=== Task brief ===
Please give the lines below again exactly as they stand, from the one that contains "股票公众号app是一款股票资" up to and including the one that contains "基建投资是相对比较抽象的一类", leaving all pictures out.

=== Task input ===
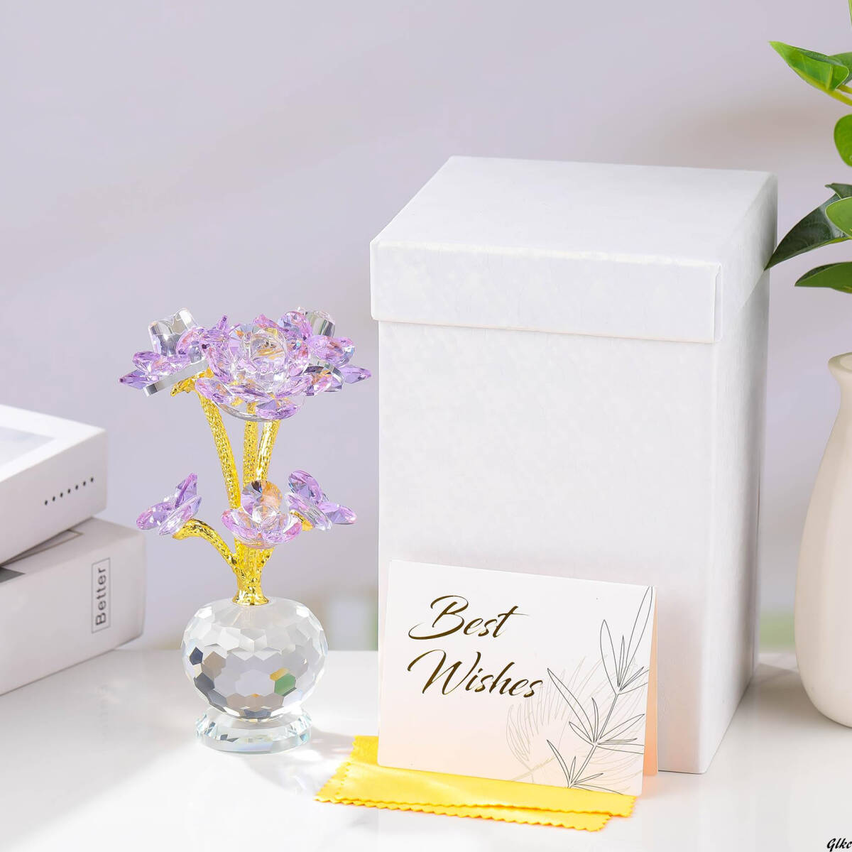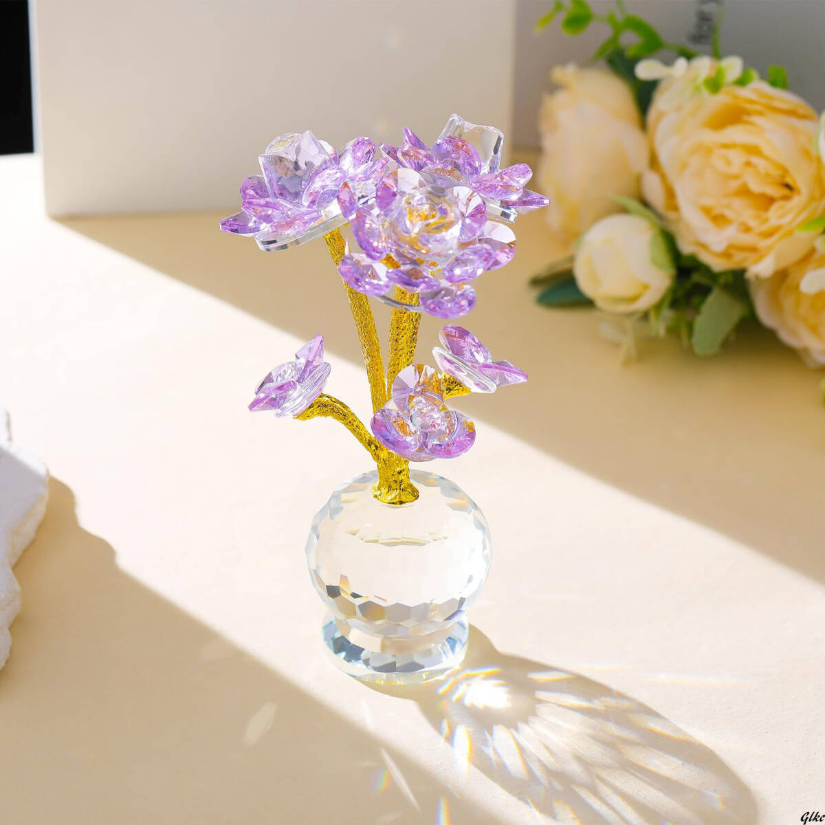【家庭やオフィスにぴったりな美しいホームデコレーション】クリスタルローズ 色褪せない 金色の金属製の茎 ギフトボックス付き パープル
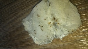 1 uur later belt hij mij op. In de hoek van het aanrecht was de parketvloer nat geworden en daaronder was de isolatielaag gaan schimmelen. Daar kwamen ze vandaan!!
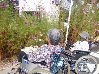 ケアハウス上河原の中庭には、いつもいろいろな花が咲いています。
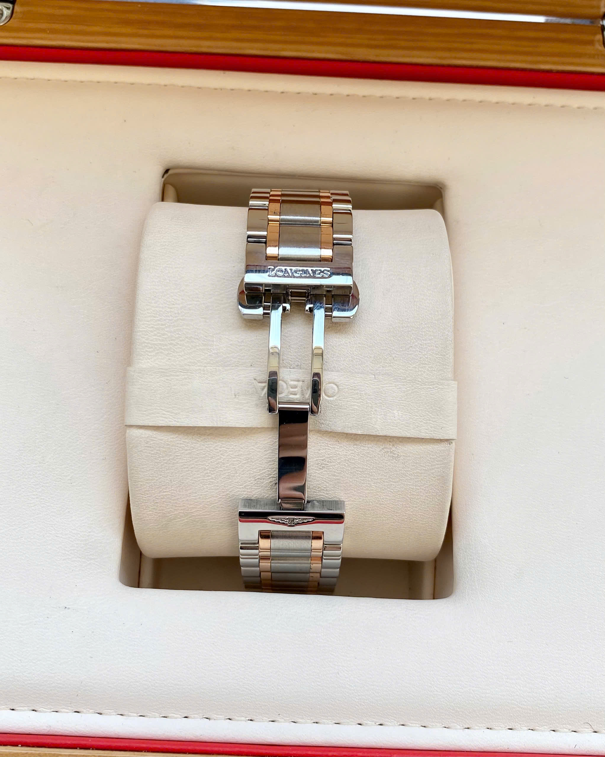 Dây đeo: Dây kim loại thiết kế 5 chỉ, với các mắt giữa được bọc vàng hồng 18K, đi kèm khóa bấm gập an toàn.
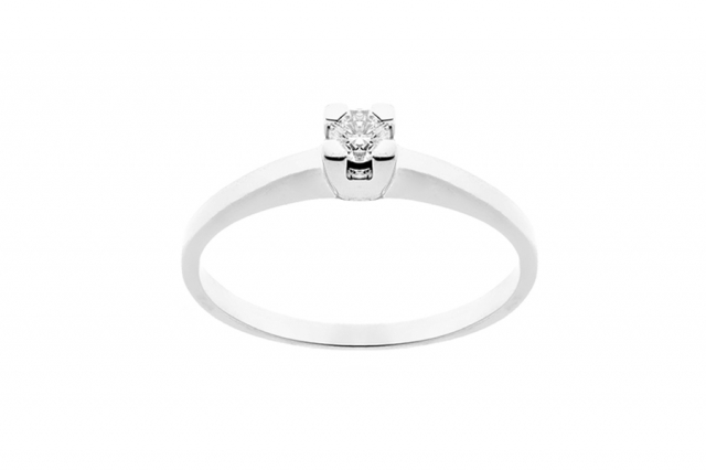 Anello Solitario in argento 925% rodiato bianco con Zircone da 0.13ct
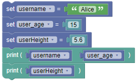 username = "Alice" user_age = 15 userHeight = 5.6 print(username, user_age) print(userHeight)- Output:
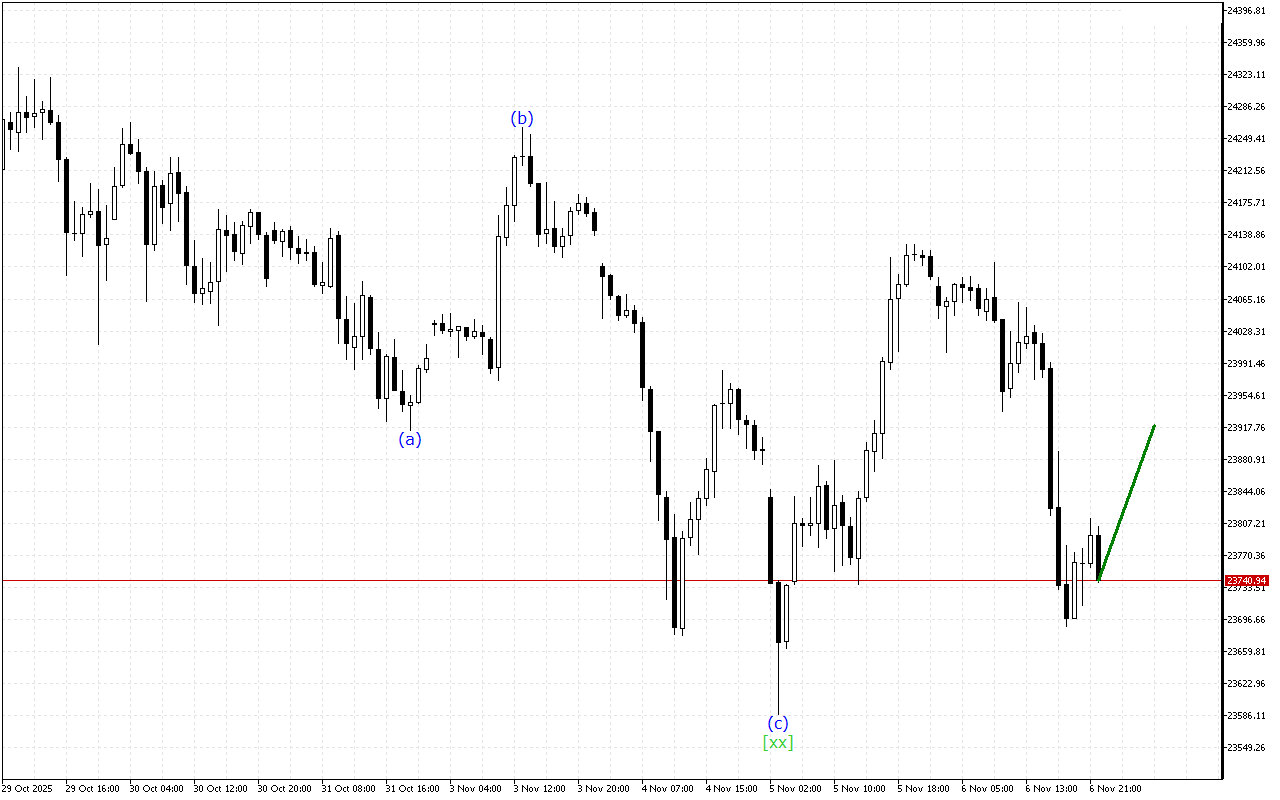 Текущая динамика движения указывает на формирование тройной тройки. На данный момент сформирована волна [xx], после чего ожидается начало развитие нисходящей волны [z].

--

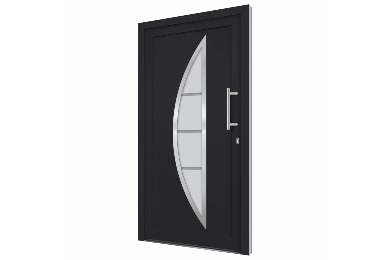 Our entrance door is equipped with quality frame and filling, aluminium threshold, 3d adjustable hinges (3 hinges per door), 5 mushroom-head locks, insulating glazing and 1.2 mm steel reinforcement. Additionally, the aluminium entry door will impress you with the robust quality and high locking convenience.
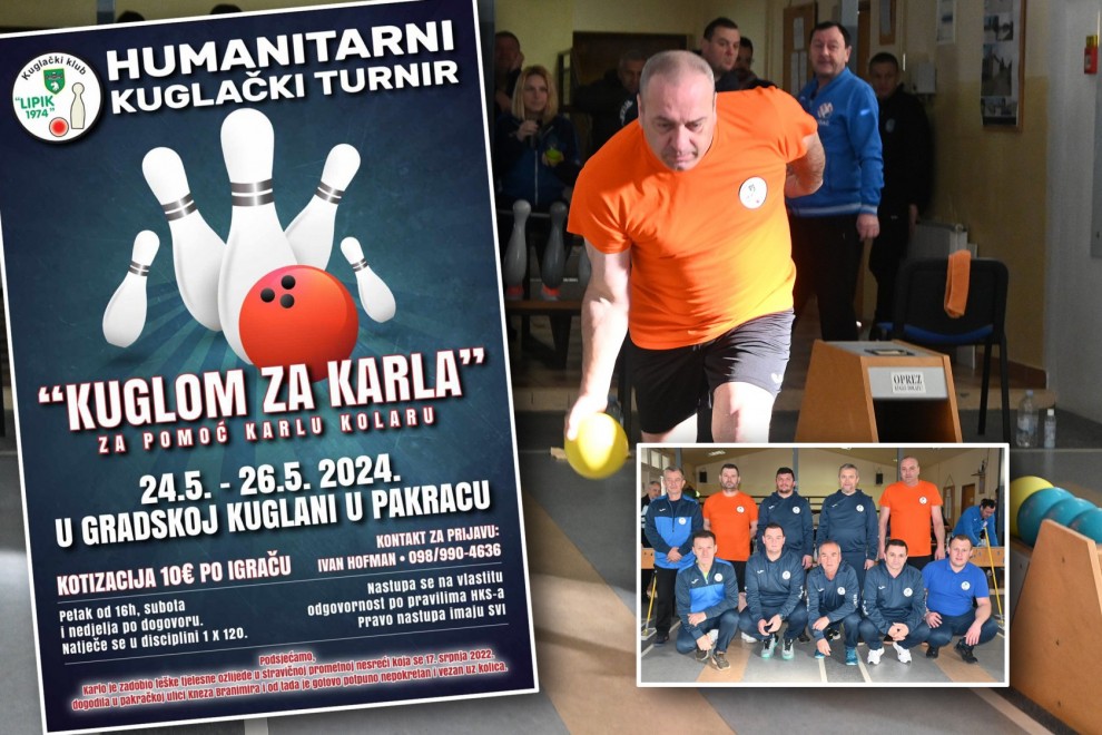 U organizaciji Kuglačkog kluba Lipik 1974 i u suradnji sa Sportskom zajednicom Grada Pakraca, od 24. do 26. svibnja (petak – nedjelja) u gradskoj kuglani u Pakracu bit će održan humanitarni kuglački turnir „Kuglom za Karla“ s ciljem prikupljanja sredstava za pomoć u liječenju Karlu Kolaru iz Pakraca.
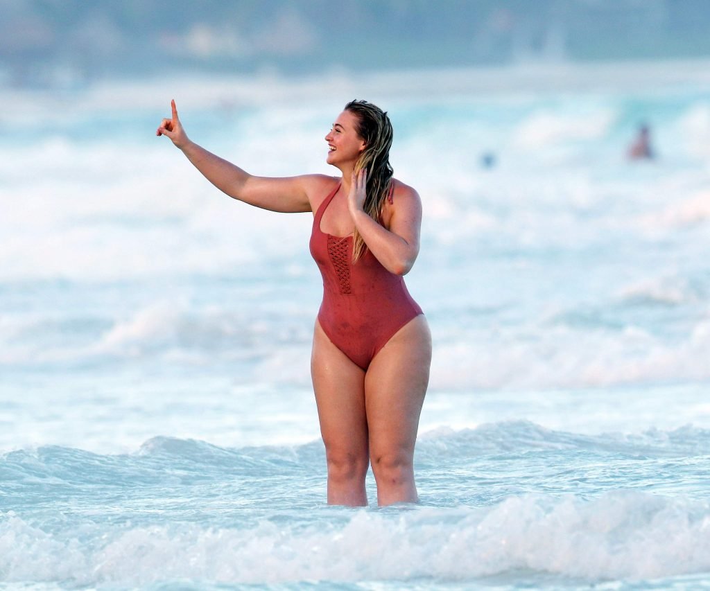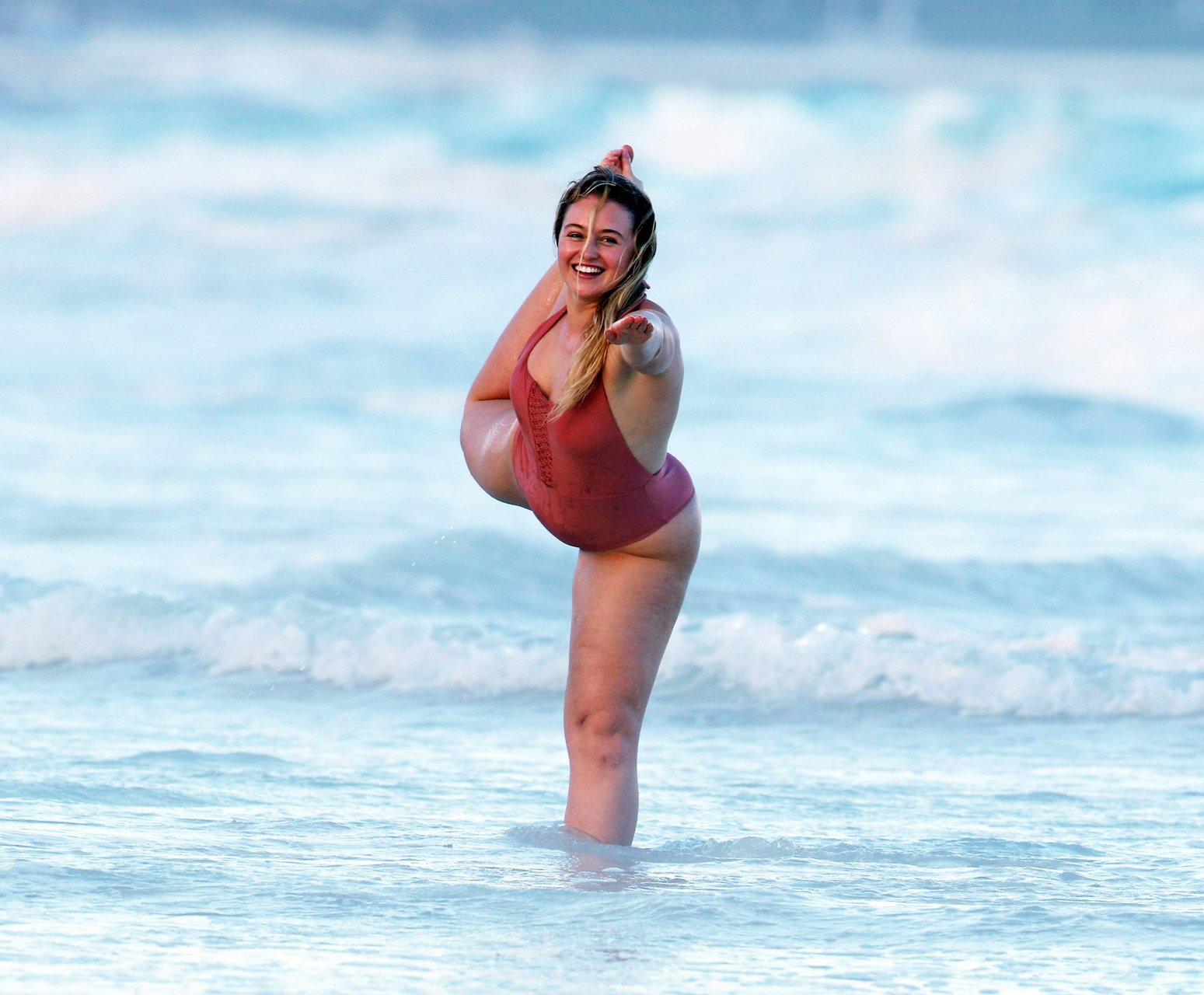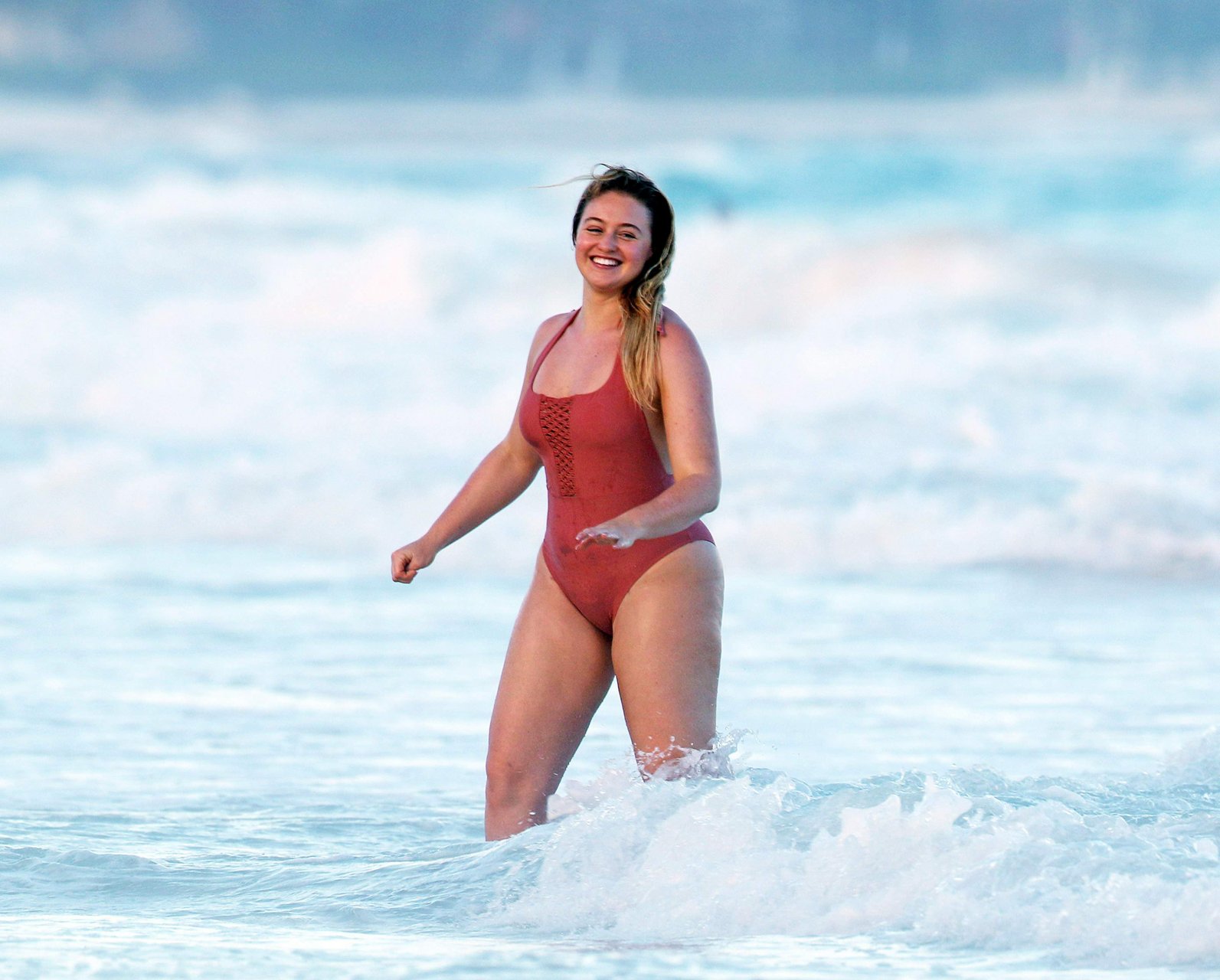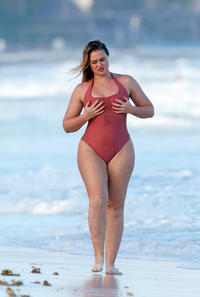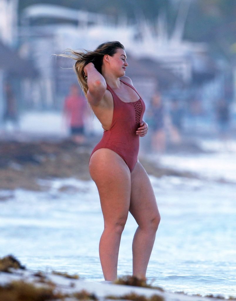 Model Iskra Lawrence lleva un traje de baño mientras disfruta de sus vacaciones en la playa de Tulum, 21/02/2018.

---

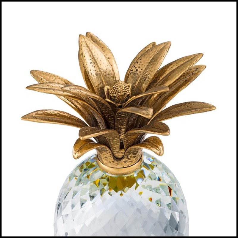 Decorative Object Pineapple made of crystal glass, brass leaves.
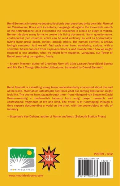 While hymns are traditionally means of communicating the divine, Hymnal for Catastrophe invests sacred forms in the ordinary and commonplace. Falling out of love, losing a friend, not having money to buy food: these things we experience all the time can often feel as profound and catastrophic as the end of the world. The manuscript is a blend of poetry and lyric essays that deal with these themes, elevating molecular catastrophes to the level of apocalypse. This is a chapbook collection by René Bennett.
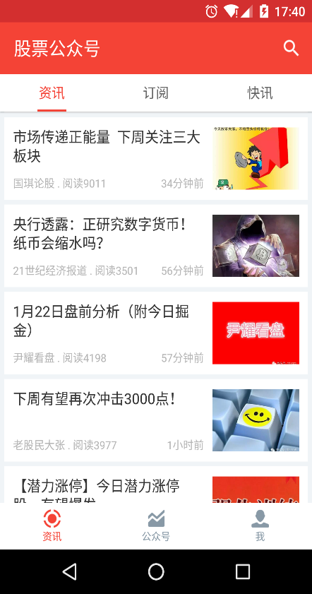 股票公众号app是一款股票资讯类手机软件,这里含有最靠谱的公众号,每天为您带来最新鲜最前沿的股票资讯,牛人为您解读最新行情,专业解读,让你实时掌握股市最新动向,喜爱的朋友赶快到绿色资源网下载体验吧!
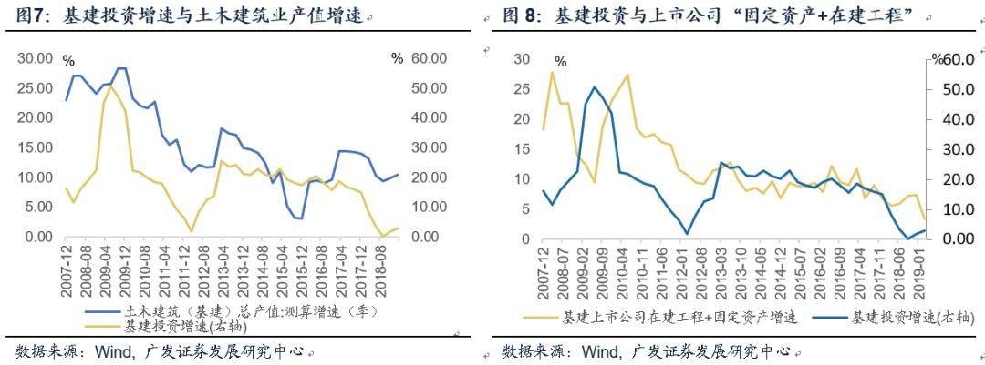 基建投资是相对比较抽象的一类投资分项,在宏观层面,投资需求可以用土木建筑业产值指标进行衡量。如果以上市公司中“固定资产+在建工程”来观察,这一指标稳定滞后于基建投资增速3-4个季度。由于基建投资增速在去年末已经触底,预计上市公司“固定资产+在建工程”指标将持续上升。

=== Answer to the exercise ===
 股票公众号app是一款股票资讯类手机软件,这里含有最靠谱的公众号,每天为您带来最新鲜最前沿的股票资讯,牛人为您解读最新行情,专业解读,让你实时掌握股市最新动向,喜爱的朋友赶快到绿色资源网下载体验吧!
 基建投资是相对比较抽象的一类投资分项,在宏观层面,投资需求可以用土木建筑业产值指标进行衡量。如果以上市公司中“固定资产+在建工程”来观察,这一指标稳定滞后于基建投资增速3-4个季度。由于基建投资增速在去年末已经触底,预计上市公司“固定资产+在建工程”指标将持续上升。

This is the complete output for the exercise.